In Hilario-Husain et al.1, we explored the potential link between sociopolitical conflict and biodiversity knowledge shortfalls in Mindanao in the Southern Philippines using publicly available datasets on conflict and biodiversity records. We found that species occurrence records were related to the frequency and distance of conflicts at the provincial scale. We argue that security risks, logistical challenges, and political restrictions associated with conflict zones often deter biodiversity research, leading to under-documented regions despite their ecological significance. Our study provides an initial discussion highlighting that sociopolitical and environmental conflicts represent an underestimated threat to biodiversity in the Philippines and suggests potential solutions to address them. In response to our work, Pitogo and colleagues raised some interesting concerns, specifically regarding the choice of dataset analysed and our analytical decisions. While they acknowledge the significance of our work, they suggest that it is premature and warrants reconsideration. We welcome their interest in our work and are open to their criticisms. The impressive number of authors from diverse academic institutions, including those from the Philippines, China, Taiwan, and the United States, who showed interest in our study, indicates the significance of this issue.

First, we would like to clarify that our work neither claims to investigate nor hypothesizes the direct effect of sociopolitical conflict on species richness per se (i.e., increasing conflict decreases levels of biodiversity) or on biodiversity as a whole, but our approach was exploratory, aimed at providing a basis for understanding the link between sociopolitical conflict and biodiversity knowledge shortfalls2. We frame biodiversity shortfalls by focusing on gaps in our understanding of species distribution, especially in geographic areas with limited or no data, and on knowledge accessibility gaps caused by challenges in accessing or sharing data due to conflict and war.
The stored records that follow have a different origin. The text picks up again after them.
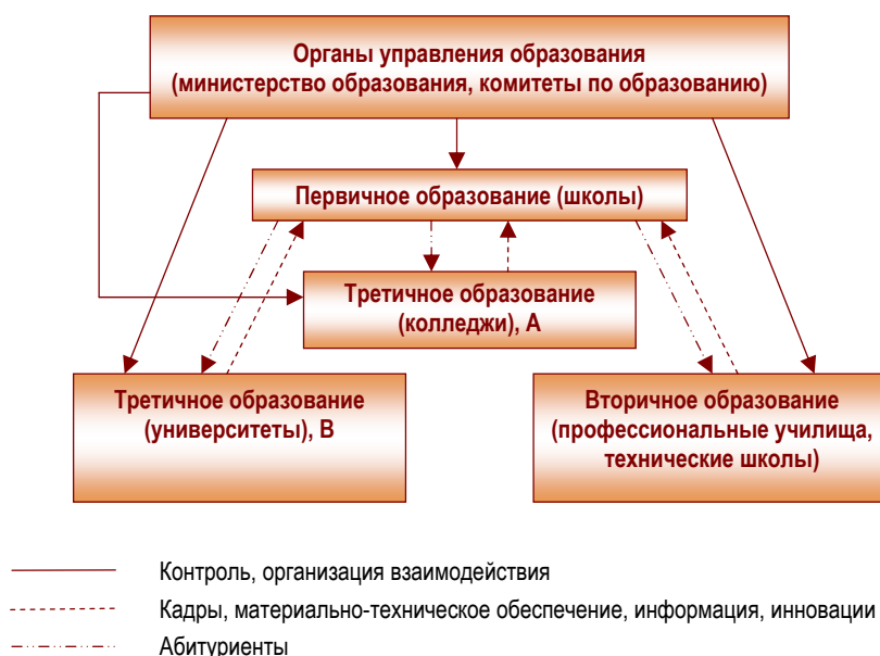
Рисунок 2. Взаимодействие субъектов образовательного пространства в зарубежных странах

Источники: Актуальные вопросы развития образования в странах ОЭСР. – М., 2005; Исмаилов Э.Э. Довузовская профессиональная подготовка в Швеции // Педагогика. – 2004. – № 6. – С. 74-78.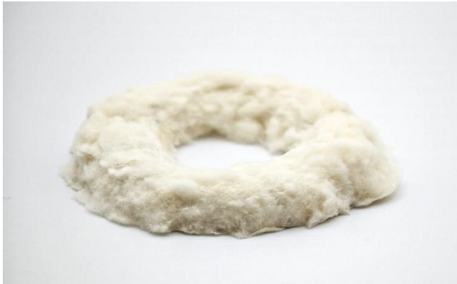
Abb. 3 Schaumartige Strukturen absorbieren (schlucken) den Schall und reduzieren unerwünschte Schwingungen

----- 14. März 2024 || Seite 4 | 4 -----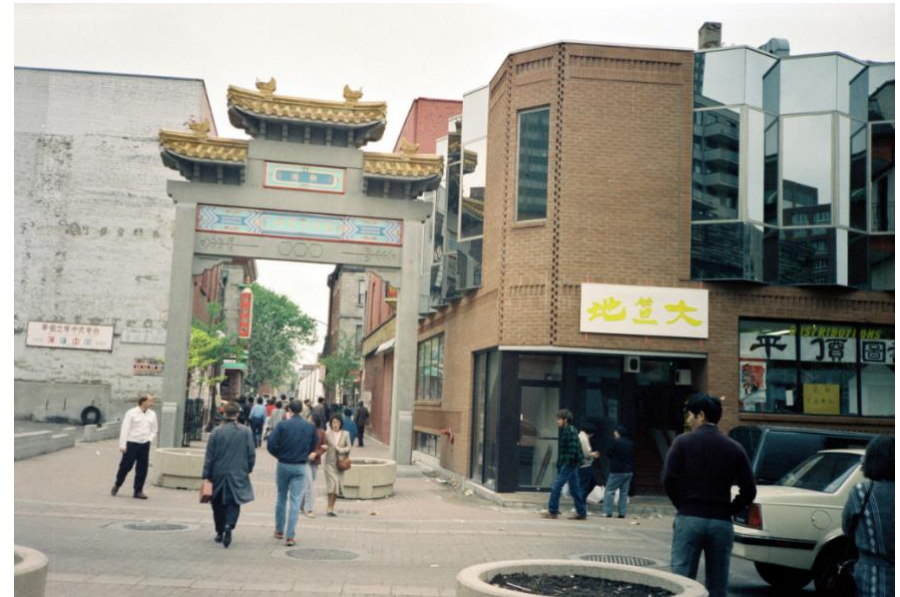
Rue De la Gauchetière entre 1960 et 1970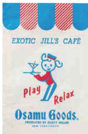
ショップバッグvol.47 (OSAMU GOODS®) 1989年 ©Osamu Harada / Koji Honpo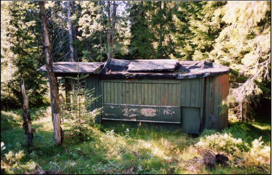
Ved Ørfiske i Nordmarka står denne hestesporvognshytta fra 1875 av type Stephenson i skogbrynet.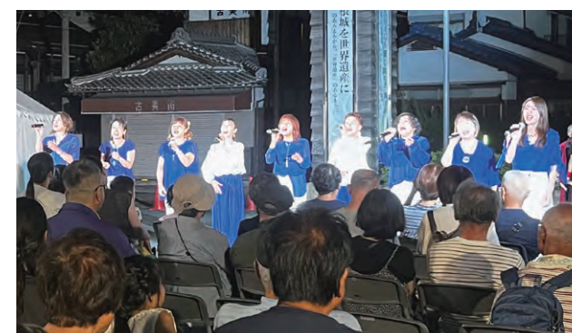
ステージパフォーマンス human note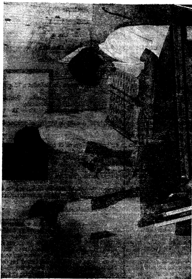
LA ENFERMERA ELABORANDO EL LIBRO DE REPORTE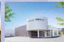
さがみ典礼 鉾田ホール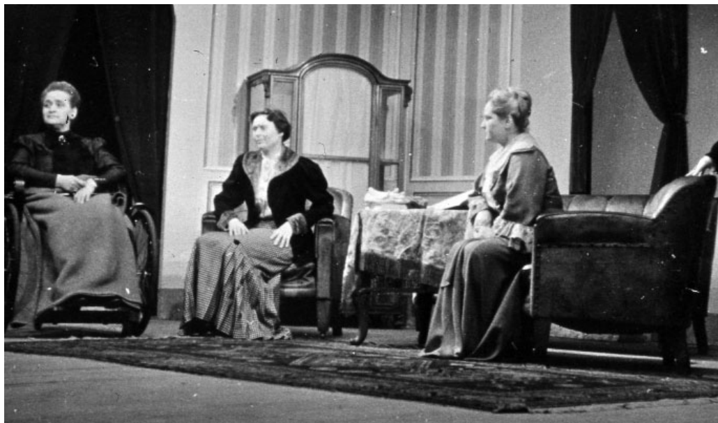
Třeštská ochotníci odehráli na 1. ročníku TDJ hru Paní Kalafová .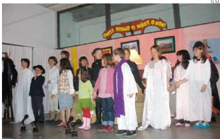
La obra de teatro resultó todo un éxito.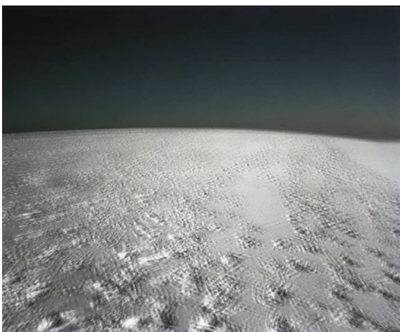
LURE – Février 2009

« Avec obstination, je parcours les paysages naturels pour capter les possibilités plastiques de la puissance tellurique qui s'en dégage. Cet idéal guide ma photographie. Mon immersion dans la nature vive forge le cadre de mes prises de vue. Le résultat de mon implication physique à l'élément imprime mes images qui se veulent dès lors comme des sculptures mentales. » Eric BOURRET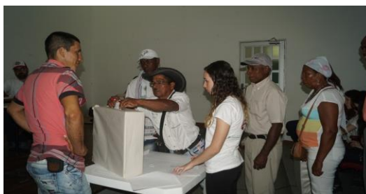
Figura 16. Proceso de votación por cada grupo de actor

De esta manera, se realizó la votación por cada grupo de actor (ver Figura 16) obteniendo los siguientes resultados:

We reiterate our overarching goals, acknowledge the preliminary nature of our study, and recognise the inherent caveats in pioneering research that lacks prior empirical groundwork1. Thus, the interpretation of our initial results requires care and caution. However, we believe that Pitogo and colleagues may have overlooked our objectives and chosen analyses, which could have led to a misunderstanding of the message we aim to convey.
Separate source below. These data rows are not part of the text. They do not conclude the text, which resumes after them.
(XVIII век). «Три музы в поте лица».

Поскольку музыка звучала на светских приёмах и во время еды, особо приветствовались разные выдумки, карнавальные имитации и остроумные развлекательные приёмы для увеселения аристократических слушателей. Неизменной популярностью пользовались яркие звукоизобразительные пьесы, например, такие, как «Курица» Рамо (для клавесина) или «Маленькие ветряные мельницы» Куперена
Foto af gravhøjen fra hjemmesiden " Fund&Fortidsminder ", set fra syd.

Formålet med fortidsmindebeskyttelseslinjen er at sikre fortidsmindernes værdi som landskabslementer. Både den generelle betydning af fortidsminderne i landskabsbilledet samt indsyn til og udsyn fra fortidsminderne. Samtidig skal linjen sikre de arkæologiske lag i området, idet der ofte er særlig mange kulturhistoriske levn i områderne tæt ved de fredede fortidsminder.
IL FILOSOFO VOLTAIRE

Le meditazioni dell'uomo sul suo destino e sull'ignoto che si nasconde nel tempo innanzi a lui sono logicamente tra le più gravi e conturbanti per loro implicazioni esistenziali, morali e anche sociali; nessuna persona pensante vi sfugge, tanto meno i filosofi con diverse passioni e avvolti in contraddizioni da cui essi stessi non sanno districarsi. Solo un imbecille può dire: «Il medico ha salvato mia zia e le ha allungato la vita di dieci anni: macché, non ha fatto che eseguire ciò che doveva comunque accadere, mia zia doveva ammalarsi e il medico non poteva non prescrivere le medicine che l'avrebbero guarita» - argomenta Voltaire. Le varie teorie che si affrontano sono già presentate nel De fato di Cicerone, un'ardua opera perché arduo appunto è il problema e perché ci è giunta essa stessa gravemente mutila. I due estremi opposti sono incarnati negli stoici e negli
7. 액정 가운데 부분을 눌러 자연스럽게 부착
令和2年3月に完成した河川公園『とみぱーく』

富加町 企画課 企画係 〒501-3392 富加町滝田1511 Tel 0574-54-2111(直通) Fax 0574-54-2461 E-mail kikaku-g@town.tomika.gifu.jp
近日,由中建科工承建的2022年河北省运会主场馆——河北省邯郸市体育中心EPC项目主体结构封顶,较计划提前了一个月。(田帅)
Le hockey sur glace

Second, Pitogo and colleagues raised concerns about our data sources for analysis and stated the use of ‘vague definitions’. In Hilario-Husain et al., we used publicly available data from the United Nations Office for the Coordination of Humanitarian Affairs (UN-OCHA)3 and MOBIOS + 4 datasets, which represent conflict events and biodiversity occurrence data, respectively. Pitogo and colleagues criticised that using UN-OCHA data did not adhere to their ideal definition of ‘conflict.’ We argue that the conflict events reported by UN-OCHA were defined according to the ACLED (Armed Conflict Location and Event Data Project) Code Book5 following the internationally agreed-upon definition. Therefore, data from the UN-OCHA remain the most extensive and standardised source of information currently available and can be utilised as a proxy for sociopolitical conflicts and to remove potential bias in collating data from multiple sources.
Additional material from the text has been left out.